Von der Würde des Alters und der Vollendung des Lebens (2)

„Alt werden und lebendig bleiben“, unter diesem Titel sind im Jahr 2021 einige Texte von Karl Rahner (1904-1984) im Matthias-Grünewald-Verlag veröffentlicht worden, in denen sich dieser große Theologe des 20. Jahrhunderts über das Altwerden des Menschen äußert. Die ersten beiden hier zitierten Texte stammen aus den zahlreichen Interviews, die anlässlich des 80. Geburtstages von Pater Rahner geführt wurden. Der dritte Text ist einer Predigt entnommen, die Rahner im Jahr 1974 gehalten hat, anlässlich des 70. Geburtstages eines befreundeten Pfarrers aus München.

                                                                                               Claus-Dieter Klais, Diakon

„Wie erleben Sie die Zeit des Alterns?“ (Frage des Interviewers)

Rahner: Es gibt natürlich sehr viele Leute, gerade heute, die löbliche und etwas herbeigezerrte Lobsprüche über das Alter machen. Es gibt auch ein beruhigtes Alter, ein reifes, ein abgeklärtes Alter, ein – vielleicht – schönes Alter, in dem man auf sein Leben zurückblickt. Aber es gibt eben auch ganz nüchtern das Alter, das immer näher dem Tod entgegengeht. Ein Alter, in dem man abgebaut wird. Ein Alter, in dem man da und dort, in dieser oder jener Hinsicht den Eindruck hat, auf das tote Geleise geschoben zu werden. Ein Alter, in dem man mühsam eben das Ende seines Lebens kommen sieht, mit diesem Alter, meine ich, muss ein Christ auch illusionslos, nüchtern fertigwerden, weil er eben eine Hoffnung, wie Paulus sagen würde, „gegen alle Hoffnung“ hat.

Der Gipfel eines Lebens

Interviewer: Wie sehen Sie – vom Gipfel Ihrer 80 Jahre aus – Ihr Leben in puncto Zukunft und Gott?

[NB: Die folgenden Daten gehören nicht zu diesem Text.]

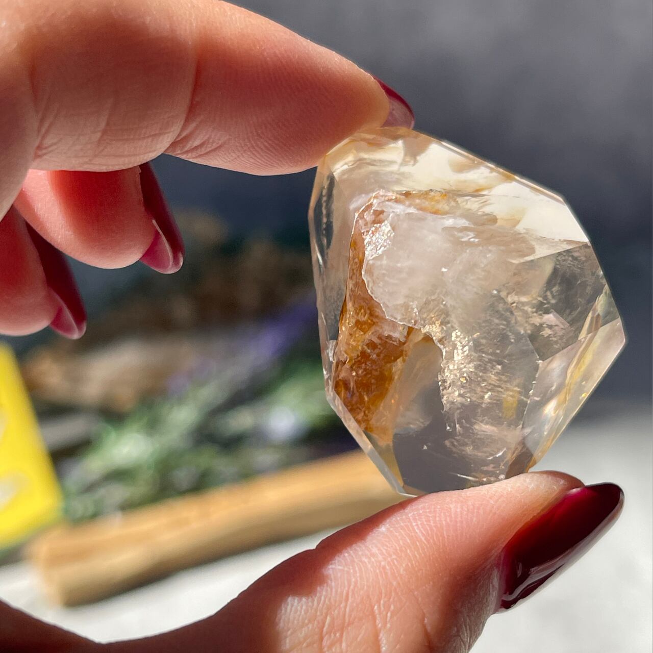 長い年月を経て、リモナイト、マグネシウム、水酸化鉄、褐鉄鉱などの成分がナチュラルにコーティングされ、光の反射でゴールドに色づく珍しい水晶です。強烈な波動を持ち、潜在能力を引き出す力や強力なヒーリングの力を持つとされています。

Rahner: Der wirkliche Gipfel meines Lebens kommt erst noch; ich meine jenen Abgrund des Geheimnisses Gottes, in den man sich hineinfallen lässt voller Vertrauen darauf, von seiner Liebe und seinem Erbarmen auf ewig angenommen zu werden.

Christlich gehen können

Ich bin alt geworden. Das ist auch eine Gnade, weil im Alter die Hoffnung des ewigen Lebens wächst, weil Du (gemeint: Gott) zunimmst, wenn wir abnehmen. Wie lange dauert es noch, bis es für immer Abend ist? Ich weiß es nicht. So mache ich weiter, solange noch Tag ist. Am Ende gehe ich mit leeren Händen fort, ich weiß es. Aber so ist es gut. Dann will ich auf den Gekreuzigten schauen. Und gehen. Was kommt, ist die selige Unbegreiflichkeit Gottes.